=== Section Start ===

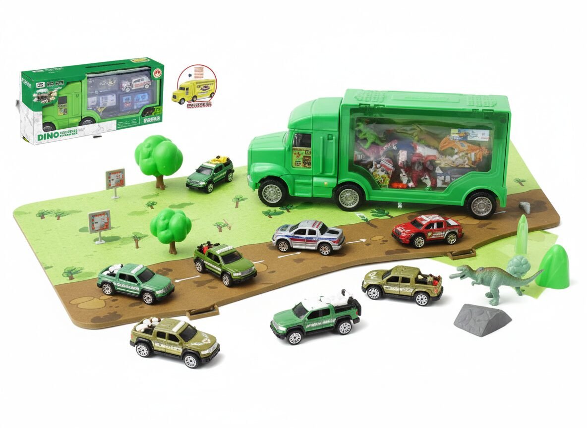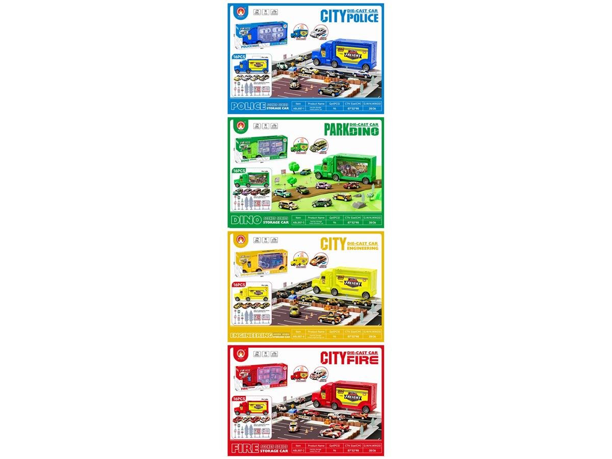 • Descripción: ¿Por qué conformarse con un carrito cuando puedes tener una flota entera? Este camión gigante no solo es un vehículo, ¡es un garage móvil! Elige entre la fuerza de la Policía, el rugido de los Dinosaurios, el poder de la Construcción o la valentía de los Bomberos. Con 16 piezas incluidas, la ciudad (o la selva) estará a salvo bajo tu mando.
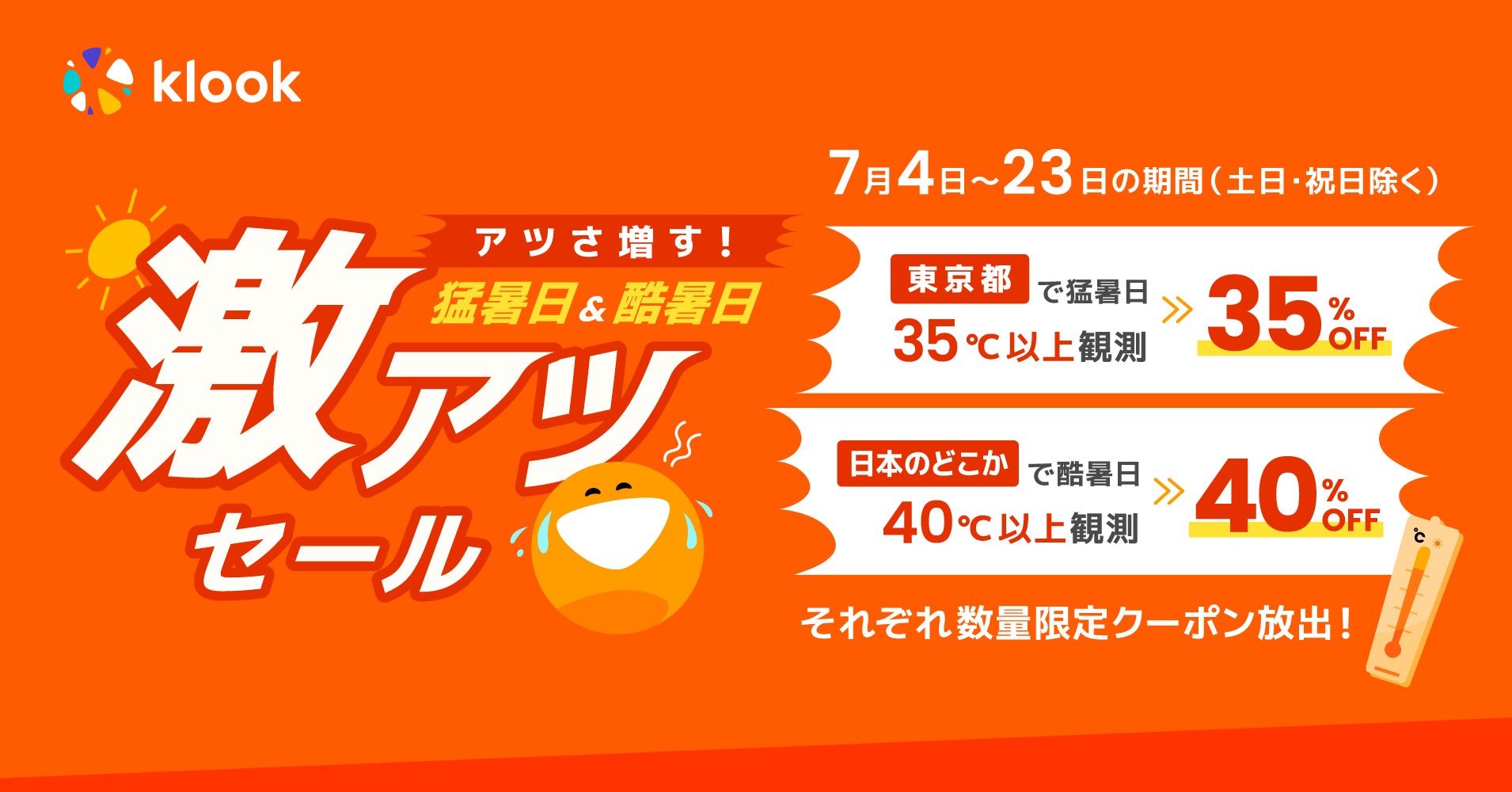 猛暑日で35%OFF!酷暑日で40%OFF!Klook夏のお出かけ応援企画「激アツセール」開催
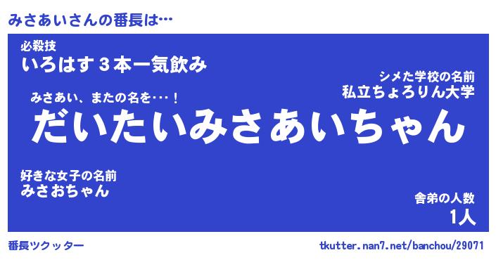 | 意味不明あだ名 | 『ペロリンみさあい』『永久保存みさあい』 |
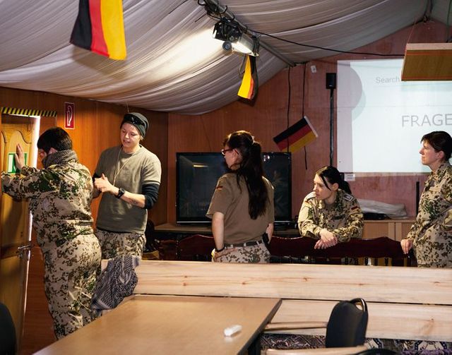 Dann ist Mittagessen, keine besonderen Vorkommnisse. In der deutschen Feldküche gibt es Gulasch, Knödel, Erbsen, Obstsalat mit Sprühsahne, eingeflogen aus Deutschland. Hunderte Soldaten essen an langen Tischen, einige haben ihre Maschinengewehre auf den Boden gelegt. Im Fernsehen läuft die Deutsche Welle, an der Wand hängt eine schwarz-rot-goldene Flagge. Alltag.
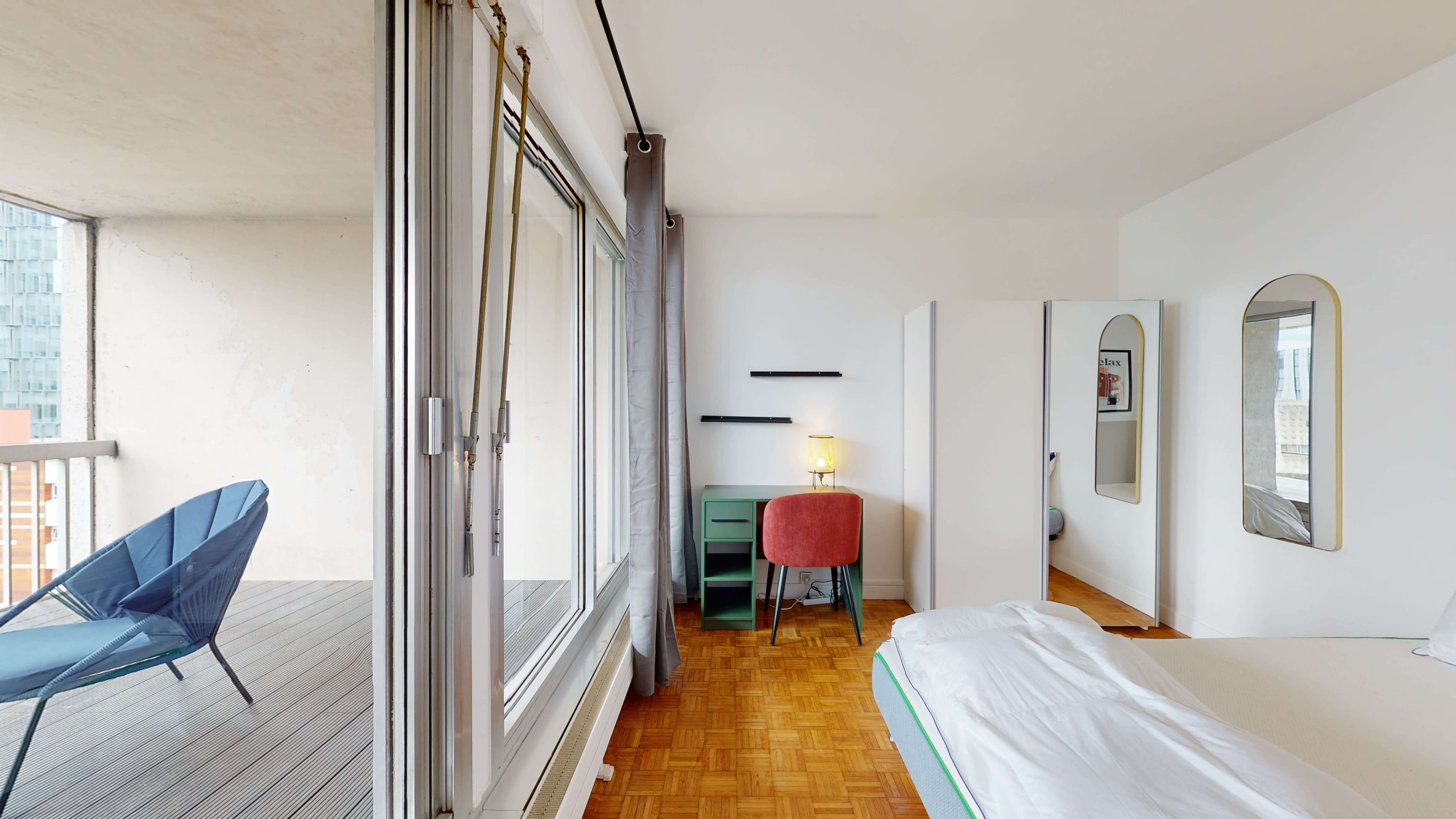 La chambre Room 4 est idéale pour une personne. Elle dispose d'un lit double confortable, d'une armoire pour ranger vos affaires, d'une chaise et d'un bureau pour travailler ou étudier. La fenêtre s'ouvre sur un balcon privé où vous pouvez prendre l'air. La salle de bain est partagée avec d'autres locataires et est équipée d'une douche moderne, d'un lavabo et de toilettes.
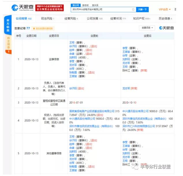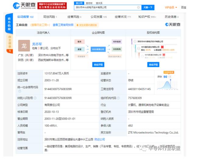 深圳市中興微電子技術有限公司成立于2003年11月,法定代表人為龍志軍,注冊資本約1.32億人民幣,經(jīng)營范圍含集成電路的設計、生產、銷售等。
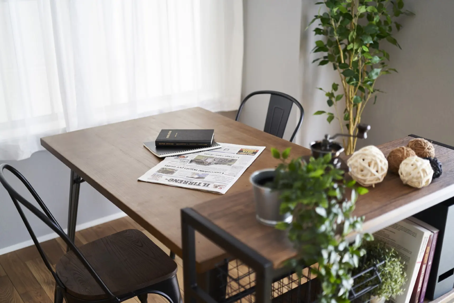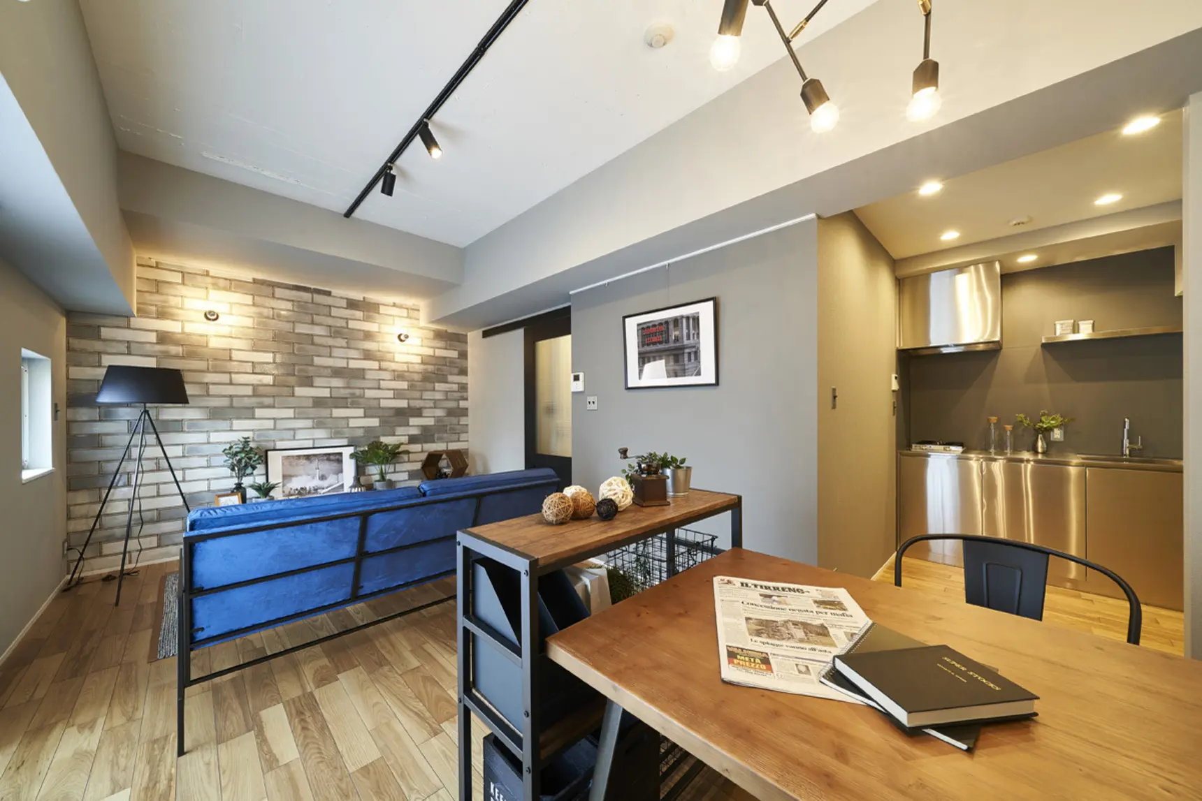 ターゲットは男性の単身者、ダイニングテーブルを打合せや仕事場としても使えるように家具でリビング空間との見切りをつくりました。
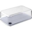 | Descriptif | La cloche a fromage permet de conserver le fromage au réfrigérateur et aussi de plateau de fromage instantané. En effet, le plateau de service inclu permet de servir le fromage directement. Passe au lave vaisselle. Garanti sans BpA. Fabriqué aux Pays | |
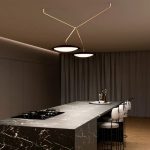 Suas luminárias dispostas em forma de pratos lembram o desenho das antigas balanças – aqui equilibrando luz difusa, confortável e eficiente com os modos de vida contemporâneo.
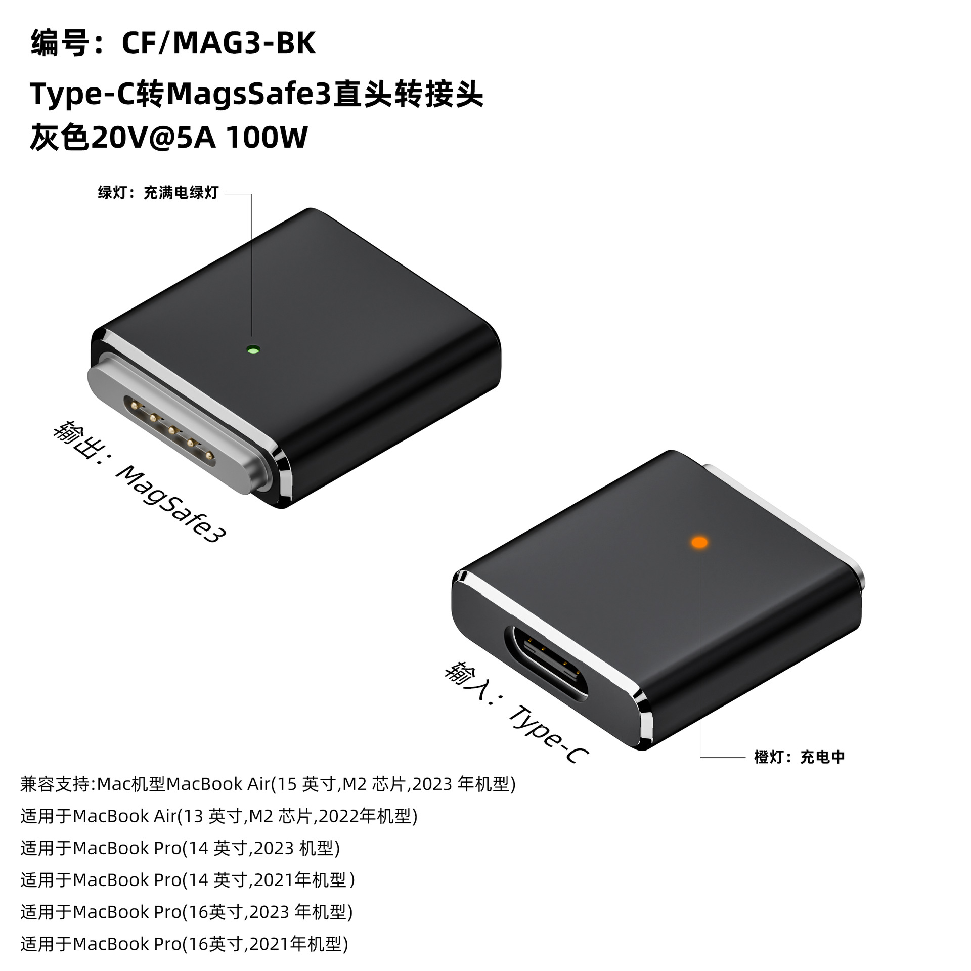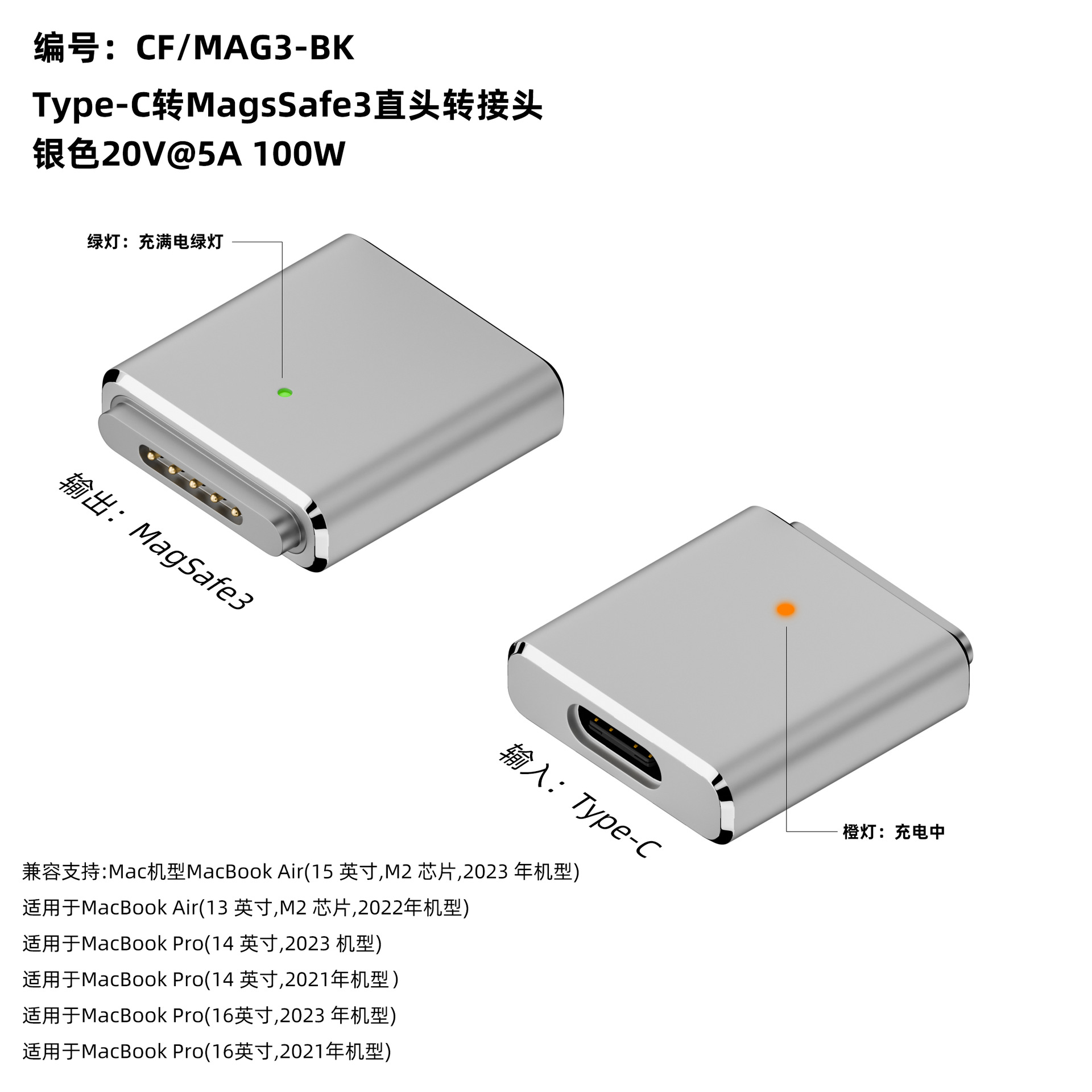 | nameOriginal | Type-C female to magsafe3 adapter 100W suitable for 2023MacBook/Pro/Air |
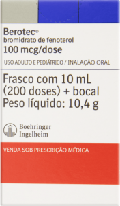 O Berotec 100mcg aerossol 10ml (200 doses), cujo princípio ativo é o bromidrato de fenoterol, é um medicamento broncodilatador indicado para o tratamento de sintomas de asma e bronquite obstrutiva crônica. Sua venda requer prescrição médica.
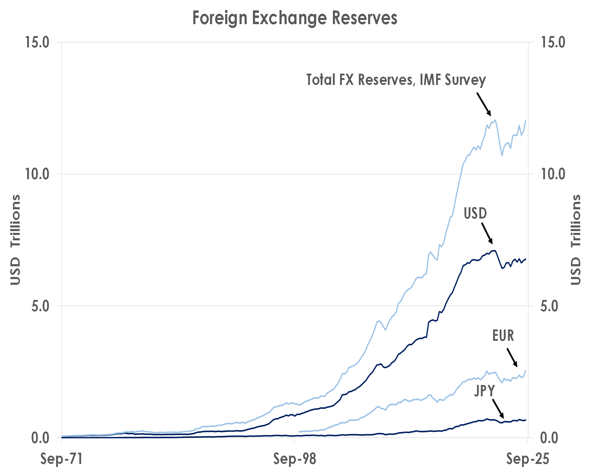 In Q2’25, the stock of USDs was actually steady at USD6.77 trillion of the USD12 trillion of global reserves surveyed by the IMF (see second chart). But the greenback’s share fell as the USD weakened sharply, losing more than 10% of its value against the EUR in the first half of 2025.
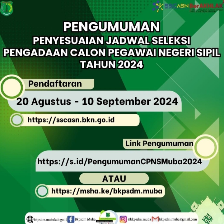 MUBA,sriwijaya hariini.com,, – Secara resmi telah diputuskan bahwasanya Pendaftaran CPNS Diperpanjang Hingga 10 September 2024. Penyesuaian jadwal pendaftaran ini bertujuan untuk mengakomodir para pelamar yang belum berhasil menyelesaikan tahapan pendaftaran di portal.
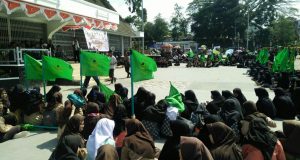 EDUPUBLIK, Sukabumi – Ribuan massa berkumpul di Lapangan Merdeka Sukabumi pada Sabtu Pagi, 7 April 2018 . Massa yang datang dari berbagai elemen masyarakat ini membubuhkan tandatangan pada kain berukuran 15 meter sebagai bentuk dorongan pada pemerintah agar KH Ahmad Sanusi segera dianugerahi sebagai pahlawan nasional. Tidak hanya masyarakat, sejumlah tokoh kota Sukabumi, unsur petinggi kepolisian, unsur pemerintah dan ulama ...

=== Section End ===

Assignment:
Reproduce the data exactly, please, and omit its pictures.

Output of the task:
 • Descripción: ¿Por qué conformarse con un carrito cuando puedes tener una flota entera? Este camión gigante no solo es un vehículo, ¡es un garage móvil! Elige entre la fuerza de la Policía, el rugido de los Dinosaurios, el poder de la Construcción o la valentía de los Bomberos. Con 16 piezas incluidas, la ciudad (o la selva) estará a salvo bajo tu mando.
 猛暑日で35%OFF!酷暑日で40%OFF!Klook夏のお出かけ応援企画「激アツセール」開催
 | 意味不明あだ名 | 『ペロリンみさあい』『永久保存みさあい』 |
 Dann ist Mittagessen, keine besonderen Vorkommnisse. In der deutschen Feldküche gibt es Gulasch, Knödel, Erbsen, Obstsalat mit Sprühsahne, eingeflogen aus Deutschland. Hunderte Soldaten essen an langen Tischen, einige haben ihre Maschinengewehre auf den Boden gelegt. Im Fernsehen läuft die Deutsche Welle, an der Wand hängt eine schwarz-rot-goldene Flagge. Alltag.
 La chambre Room 4 est idéale pour une personne. Elle dispose d'un lit double confortable, d'une armoire pour ranger vos affaires, d'une chaise et d'un bureau pour travailler ou étudier. La fenêtre s'ouvre sur un balcon privé où vous pouvez prendre l'air. La salle de bain est partagée avec d'autres locataires et est équipée d'une douche moderne, d'un lavabo et de toilettes.
 深圳市中興微電子技術有限公司成立于2003年11月,法定代表人為龍志軍,注冊資本約1.32億人民幣,經(jīng)營范圍含集成電路的設計、生產、銷售等。
 ターゲットは男性の単身者、ダイニングテーブルを打合せや仕事場としても使えるように家具でリビング空間との見切りをつくりました。
 | Descriptif | La cloche a fromage permet de conserver le fromage au réfrigérateur et aussi de plateau de fromage instantané. En effet, le plateau de service inclu permet de servir le fromage directement. Passe au lave vaisselle. Garanti sans BpA. Fabriqué aux Pays | |
 Suas luminárias dispostas em forma de pratos lembram o desenho das antigas balanças – aqui equilibrando luz difusa, confortável e eficiente com os modos de vida contemporâneo.
 | nameOriginal | Type-C female to magsafe3 adapter 100W suitable for 2023MacBook/Pro/Air |
 O Berotec 100mcg aerossol 10ml (200 doses), cujo princípio ativo é o bromidrato de fenoterol, é um medicamento broncodilatador indicado para o tratamento de sintomas de asma e bronquite obstrutiva crônica. Sua venda requer prescrição médica.
 In Q2’25, the stock of USDs was actually steady at USD6.77 trillion of the USD12 trillion of global reserves surveyed by the IMF (see second chart). But the greenback’s share fell as the USD weakened sharply, losing more than 10% of its value against the EUR in the first half of 2025.
 MUBA,sriwijaya hariini.com,, – Secara resmi telah diputuskan bahwasanya Pendaftaran CPNS Diperpanjang Hingga 10 September 2024. Penyesuaian jadwal pendaftaran ini bertujuan untuk mengakomodir para pelamar yang belum berhasil menyelesaikan tahapan pendaftaran di portal.
 EDUPUBLIK, Sukabumi – Ribuan massa berkumpul di Lapangan Merdeka Sukabumi pada Sabtu Pagi, 7 April 2018 . Massa yang datang dari berbagai elemen masyarakat ini membubuhkan tandatangan pada kain berukuran 15 meter sebagai bentuk dorongan pada pemerintah agar KH Ahmad Sanusi segera dianugerahi sebagai pahlawan nasional. Tidak hanya masyarakat, sejumlah tokoh kota Sukabumi, unsur petinggi kepolisian, unsur pemerintah dan ulama ...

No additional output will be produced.